Что ж, подкрепление – это здорово. Все при гранатометах. В несколько стволов они размотают валдарнийца на составляющие, главное – навтыкать ему выстрелов до такого предела, после которого все незащищенное и живое, до чего он сможет дотянуться, не смогут больше восстанавливать его. Тишина и бездействие угнетали. Что за игру предлагает им гнус? Будут ли еще? Оставаться или спускаться? Сталкер разглядывал нечеткий силуэт мотоциклиста, лежащего в нескошенной пшенице. Дистанция в триста метров была для оптики пустяшной, и он видел даже металлические заклепки на косухе, синие джинсы, широкий ремень, и светлую майку, и еще одну темную майку. Странно… верхняя темная майка была действительно частью одежды, а то, что было под ней… Сахарок моргнул. То, что было под ней, было телом. Чистым, не покрытым язвами, не коричневое и не больное. Человек. Не гнус. Живой. От неожиданно пришедшего понимания Сахарок нервно выдохнул, что не укрылось от внимания Карбида. Снайпер чуть не убил, так, на всякий случай, проверочным выстрелом живого человека. Сахарок был убийцей, но сейчас не та война. Не с людьми, и каждый спасенный может оказаться последним человеком вне их территории.

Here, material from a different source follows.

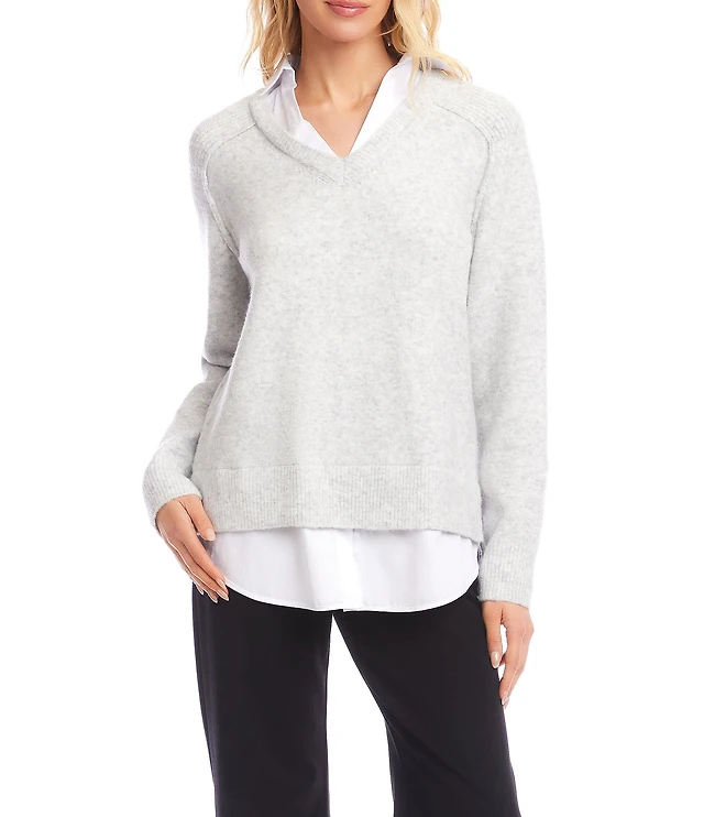 Karen Kane Layered V-Neck Long Sleeve Knit Underlayer Combo Top
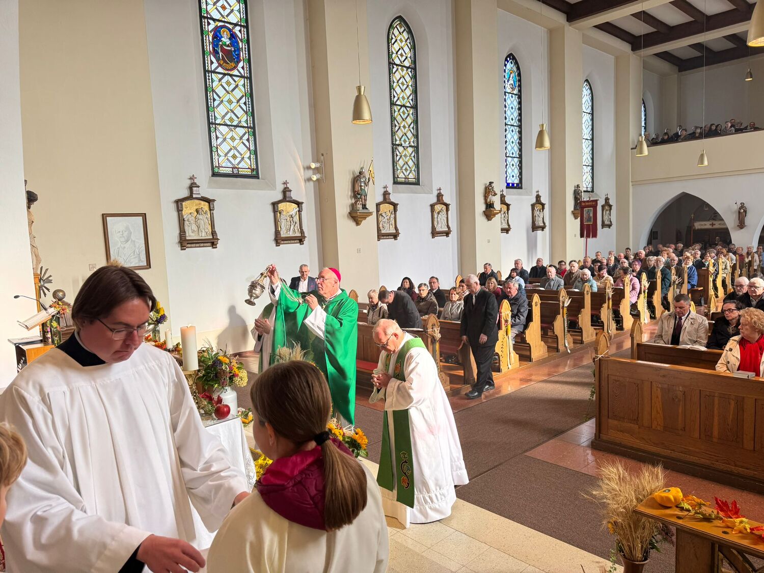 Am Sonntag dem 19. Oktober 2025 fand anlässlich der Eröffnung des neuen Seelsorgeraumes "Maria Weinberg-Unteres Pinkatal" eine gemeinsame Messe mit Diözesanbischof Mag. Dr. Ägidius Zsifkovics, Dechant Mag. Karl Schlögl und Kaplan Zoltan Csiki in Deutsch Schützen statt. Der neue Seelsorgeraum umfasst die Pfarren: Deutsch-Schützen, Sankt Kathrein, Bildein, Eberau, Gaas/Maria Weinberg und Moschendorf. Die Messe wurde vom Chor "Like a Rainbow" musikalisch begleitet. Im Anschluss an die heilige Messe wurden alle Mitfeiernden aus dem Seelsorgeraum zur Agape eingeladen.

– Это живой, – прошептал снайпер.
Глаза Карбида округлились, он схватился за бинокль и уставился на мотоциклиста. Сахарок поднес рацию к губам.
– Внимание, новые вводные. Впереди от нас на двенадцать часов живой. Мужчина. Триста метров, – сталкер замолчал, осознавая происходящее.
– Вытаскивайте его, ребята, – послышался голос Якоря. – Сахарок, командуй.
Несколько секунд зеленый соображал, что нужно сделать.
– Квад полукругом с запада в сторону опоры. Если танк попрет, примете на себя. Белый, заходи справа, поможешь вблизи.
– Есть, – бодро отозвался квад.
– Принято, – прошелестел мертвец.
– Карбид, на прикрытии с РПГ. Стреляй только по моей отмашке, я вниз, – дал указание Сахарок и, перекатившись к лестнице, оставил СВУ и начал спускаться с одним мечом.
Карбид только кивнул. Наконец-то понятная задача, наконец-то конкретное действие. Вольный успокоился, уверенно и надежно взял гранатомет.
Оказавшись на земле, Сахарок, пригнувшись, поспешил к мотоциклисту. Теперь ждать и стесняться было нечего. Квад спешил и был на расстоянии выстрела, белый и еще один сталкер идут справа, а за спиной наготове Карбид. С такими силами у него есть все шансы вытащить человека и даже уничтожить валдарнийца, если тот решит намять ему бока. Но валдарнийца лучше вообще не трогать. Через короткое время сталкер навис над лежащим без сознания человеком. Рука протянулась, и он отстегнул шлем, подспудно опасаясь увидеть пятна заражения. Серое осунувшееся лицо подростка или очень молодо выглядевшего мужчины, с синяками от недосыпания под глазами, спекшимися от жажды губами. Сахарок быстро пощупал пульс. Живой. Пульс уверенный, словно он спит. Возможно, так оно и было. Суток или нескольких суток в бегах от смерти достаточно, чтобы уснуть, просто прислонившись к земле, это сталкер знал из личного опыта. Но вначале нужно было привести парня в чувство, не тащить же его волоком.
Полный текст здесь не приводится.